There are few things I love more in life than entertaining friends and family. Easy recipes make hosting the people we love even better. As we settle in to our new house, we’ve been slowly but surely inviting everyone we care about out to spend the evening with us, celebrating so much hard work and catching up on all that goes on in these crazy early “adult years” of getting married and having kids. Seems like we are always celebrating big milestones! The cornerstone of these evenings, of course, is great food and delicious recipes made in my new kitchen. All the heart eyes for the new space I get to prep and bake in, and create meals that I hope make our guests feel at home.
On the flip side, I am still learning how to juggle my three crazy monsters all day every day this summer and am still working on my stockpile of awesome recipes I can manage to make while they run loose under my feet. This simple tart is one of my go-to desserts that I make with slight variations on a very regular basis.
Lemon Curd and Mascarpone Tart – this time with Strawberries and Whipped Cream
1 container of Mascarpone
1 jar prepared Lemon Curd
1 recipe for a single pie crust (I use the crisco crust recipe which you can find in this post)
*also, if you are unsure of the pan I am referring to below you can find one here.*
Bring mascarpone and lemon curd to room temperature. Dump them into a mixing bowl and beat on high speed until completely combined. Set aside.
Bake pie shell in a tart pan with removable bottom at 375 degrees for 10 minutes or until JUST golden brown. Fill with lemon curd mixture and smooth over entire crust. Add sliced strawberries and refrigerate until ready to serve.

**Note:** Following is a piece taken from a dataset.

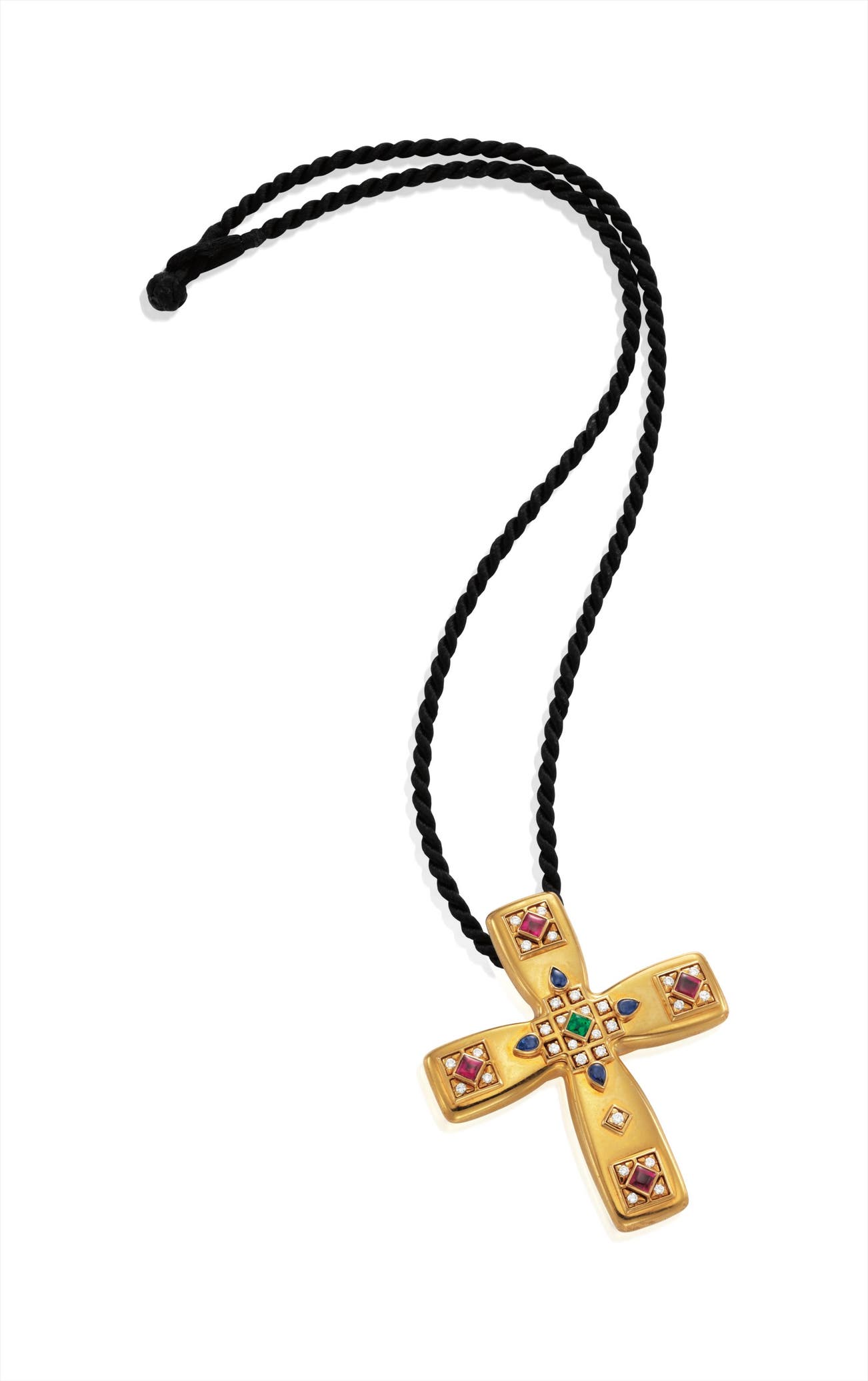 A Gold, Diamond, and Gem-Set Cross Pendant/Brooch

*I used extra pie crust to make some shapes for the top. Crabs seemed appropriate for summer. Aren’t they cute?! I just sprinkled them with sugar and baked them flat on a cookie sheet with the empty pie shell.

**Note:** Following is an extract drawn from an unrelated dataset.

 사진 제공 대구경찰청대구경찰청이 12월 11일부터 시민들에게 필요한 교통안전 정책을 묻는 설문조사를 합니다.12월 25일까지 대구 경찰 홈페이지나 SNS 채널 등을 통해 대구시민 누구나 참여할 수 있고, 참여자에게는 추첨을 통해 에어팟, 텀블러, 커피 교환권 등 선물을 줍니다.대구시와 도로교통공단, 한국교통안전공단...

Instead of pie crust use this recipe for shortbread crust. A little more finicky but it’s my favorite.
Finish with blackberries or blueberries or sliced kiwi or any combination of fruit that you like.
Drizzle with fresh chocolate ganache or white chocolate shavings.
Serve without fruit and add homemade amaretto whipped cream (whip cold heavy cream with a tablespoon of powdered sugar and a 1/4 cup of amaretto liquo until light and fluffy).
Use the same filling but make parfaits with vanilla wafers or graham cracker crumbs. Layer the fruit, lemon curd mixture, crackers or crumbs and whipped cream in tall pretty glasses.
The lemon and mascarpone filling is so creamy and refreshing on a hot summer night. All I hear is good reviews on this one. Perfect for a BBQ menu or to finish a heavy italian meal- it really is well suited to any occasion.